Below is a portion of something similar to my dataset:
require(dplyr)
alldata
site date percent_rank Label
01A 2013-01-01 0.32 Normal
01B 2013-01-01 0.12 Low
01C 2013-01-01 0.76 High
02A 2013-01-01 0 N/A
02B 2013-01-01 0.16 Low
02C 2013-01-01 0.5 Normal
01A 2013-01-02 0.67 Normal
01B 2013-01-02 0.01 Low
01C 2013-01-02 0.92 High
I assigned each percent_rank a label based on the value (0 to 0.25 to 0.75 to 1 for the three categories). I would now like to produce a summary table in this format:
site Low Normal High Missing
01A 32 47 92 194
01B 232 23 17 93
01C 82 265 12 6
where each site would have a count of the occurrences of low, normal, and high values for all dates with that site label (there is one for every day of the year), and N/A values would be counted for the "Missing" column.
I have tried the following:
alldata <- %>% group_by(site) %>% mutate(length(Label == "Low"))
which returns the total value of all records, rather than a count of "Low" per site, and
alldata <- %>% group_by(site) %>% mutate(length(which(Label == "Low")))

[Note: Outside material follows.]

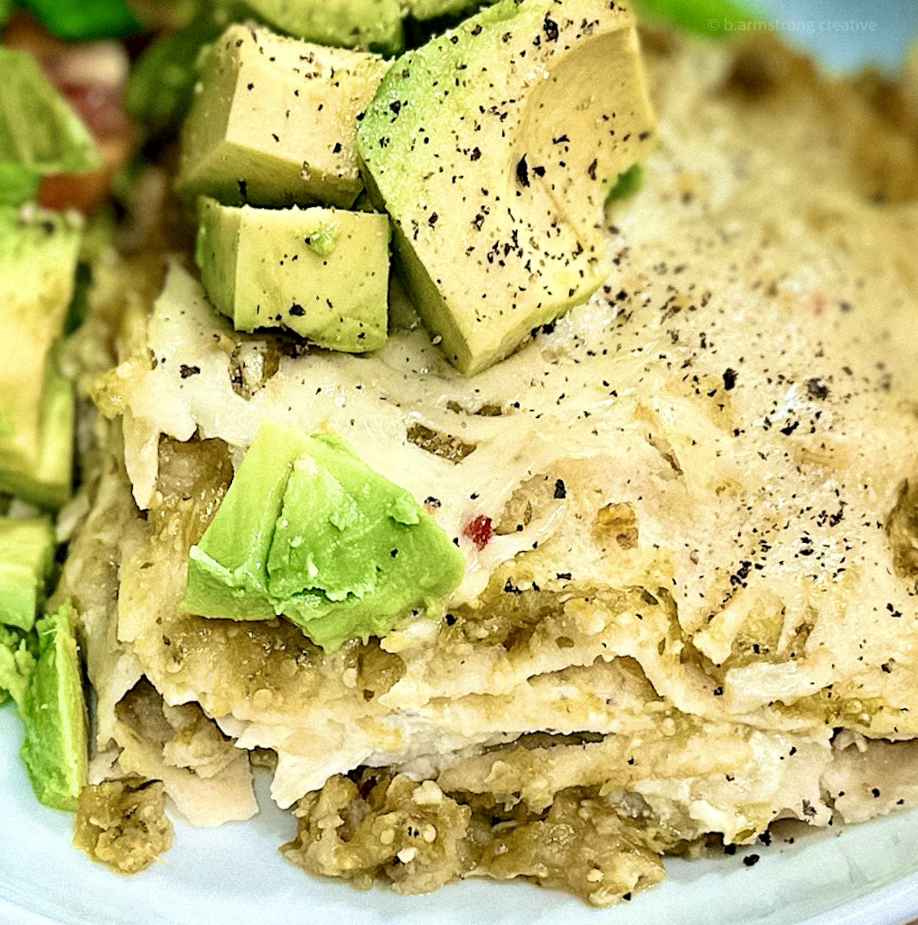 There are dozens of variations for this dish: flour tortillas, red salsa, shrimp or fish could all work. The fat content of the white sauce is up to you, just realize that it ultimately blends with the salsa to soothe the sting of the chilis and mellow the tart tomatillos. Lastly, I chose not to roll them individually because the corn tortillas always break on me unless I warm them in oil, so that’s out until somebody’s statins kick in.

which returns a value several thousand higher than the total number of records. The idea was that I would repeat this function to create four new columns with four separate mutate lines (one for each category), and this would produce my summary table. I have also tried some variations of aggregate(), although the function component was less clear to me for what I am aiming to do. This seems like it should be a pretty straightforward thing to do (and group_by served me well for calculating the percent rank and associated labels) but I have not been able to find a solution as of yet. Any tips are much appreciated!